Can somebody tell me what size allen key I need for the above guitar?
Thanks


----------



## Steadfastly (Nov 14, 2008)

Lawrence said:


> Can somebody tell me what size allen key I need for the above guitar?
> Thanks


You could email Godin at [email protected].


----------



## Lawrence (Nov 14, 2014)

Thankyou


----------



## Mooh (Mar 7, 2007)

5/32" or 4 mm I suspect, but I wouldn't swear to it.


----------



## Lawrence (Nov 14, 2014)

Mooh said:


> 5/32" or 4 mm I suspect, but I wouldn't swear to it.


I will give it a try.


----------



## Steadfastly (Nov 14, 2008)

Lawrence said:


> I will give it a try.


I'm sure you know this but just make sure the fit is really snug before going ahead with any adjustment. You don't want to strip it.


----------



## Bubb (Jan 16, 2008)

Lawrence said:


> Can somebody tell me what size allen key I need for the above guitar?
> Thanks





Mooh said:


> 5/32" or 4 mm I suspect, but I wouldn't swear to it.

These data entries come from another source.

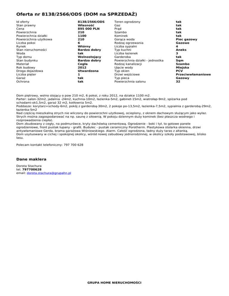 Oferta nr 8138/2566/ODS (DOM na SPRZEDAŻ)
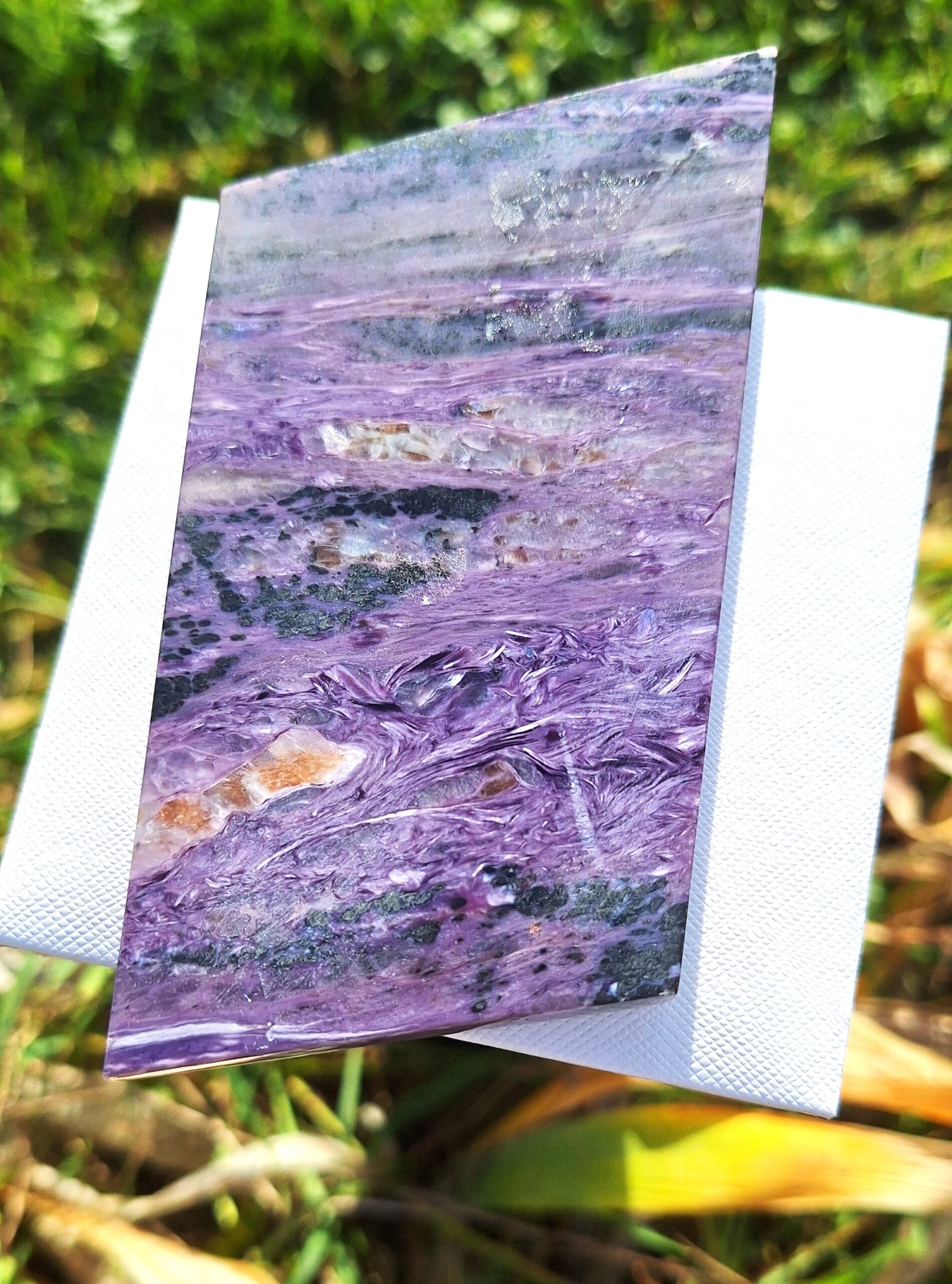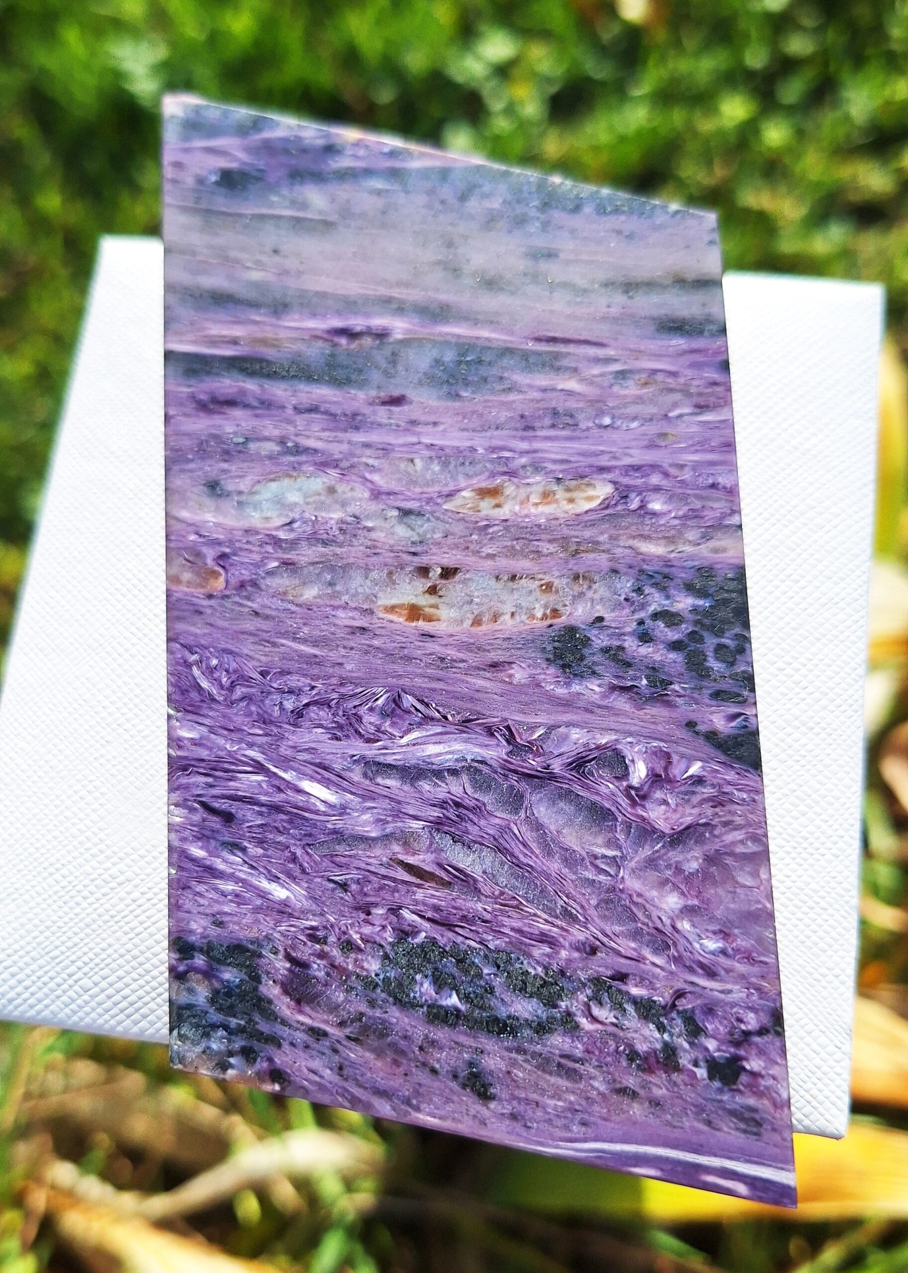 La Charoite est une pierre exceptionnelle, reconnaissable à ses reflets violets intenses et à ses volutes uniques. Sous forme de plaque, elle diffuse une énergie douce mais puissante, idéale pour harmoniser l’esprit, purifier les émotions et soutenir la transformation intérieure. Elle agit en profondeur pour clarifier les pensées, renforcer l’intuition et ramener un calme durable.
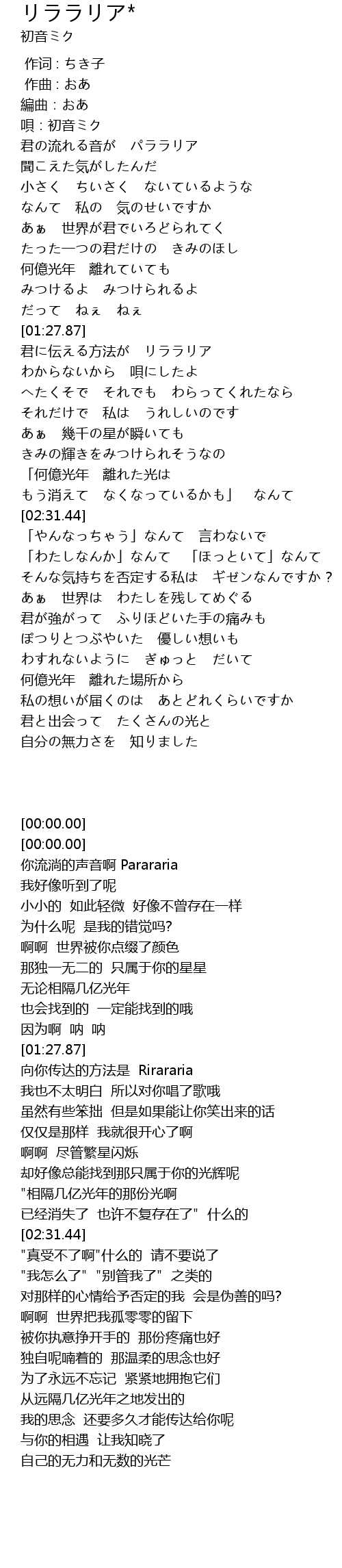 | [00:00.00] | 唄:初音ミク |
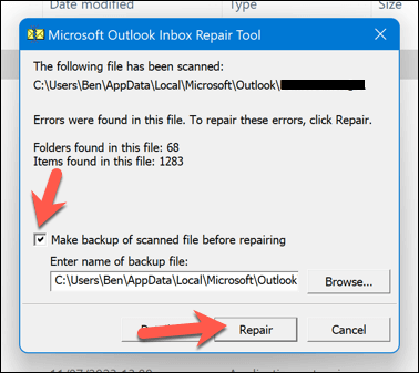 - The repair tool will check your file for errors. If it detects any, it will ask you if you want to save a backup before you repair it. Make sure that the Make backup of scanned file before repairing checkbox is enabled before you press Repair.
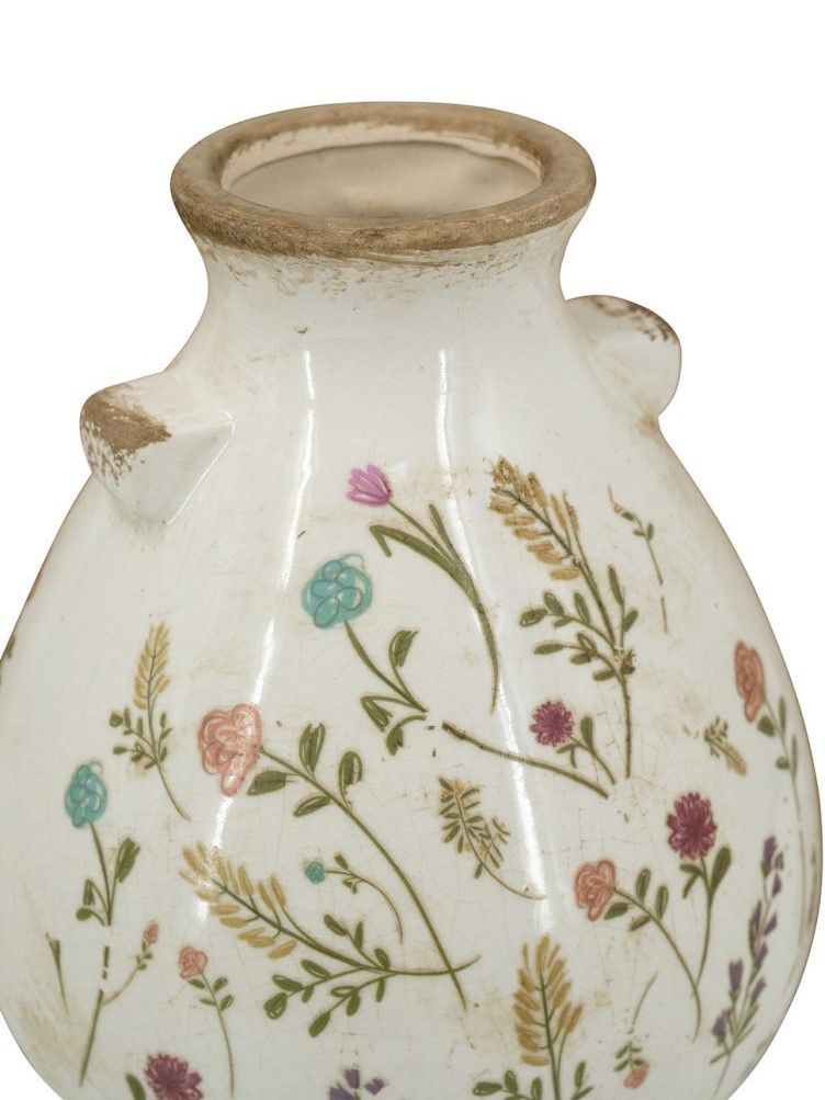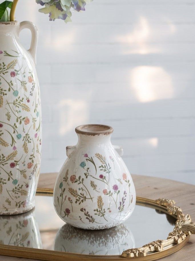 Акцентная ваза с высоким цилиндрическим силуэтом, состаренным ободком возле горлышка и изящным сочетанием цветочных мотивов, превращает классический дизайн в произведение искусства в природном стиле. Независимо от того, будет ли она стоять отдельно, в композиции или в сочетании с яркими цветами, ваза украсит любой стол или полку.
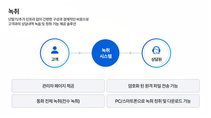관리자 페이지를 제공하여 녹취를 청취하고 다운로드할 수 있기 때문에 관리가 편리합니다.

Both my Seagull Mini Jumbo and Godin 5th Ave. are 4mm,so that would be a safe bet .


----------



## Lord-Humongous (Jun 5, 2014)

I can confirm it's 4mm, had to go buy one recently for my Seagull. It's tricky to get in there to adjust too, so if you find one with a long handle, you might find it helpful.


----------



## Lawrence (Nov 14, 2014)

Steadfastly said:


> I'm sure you know this but just make sure the fit is really snug before going ahead with any adjustment. You don't want to strip it.


Been doing this for years but it is a good thing to keep in mind.


----------



## Lawrence (Nov 14, 2014)

I would like to thank everybody. 4mm does the job.


----------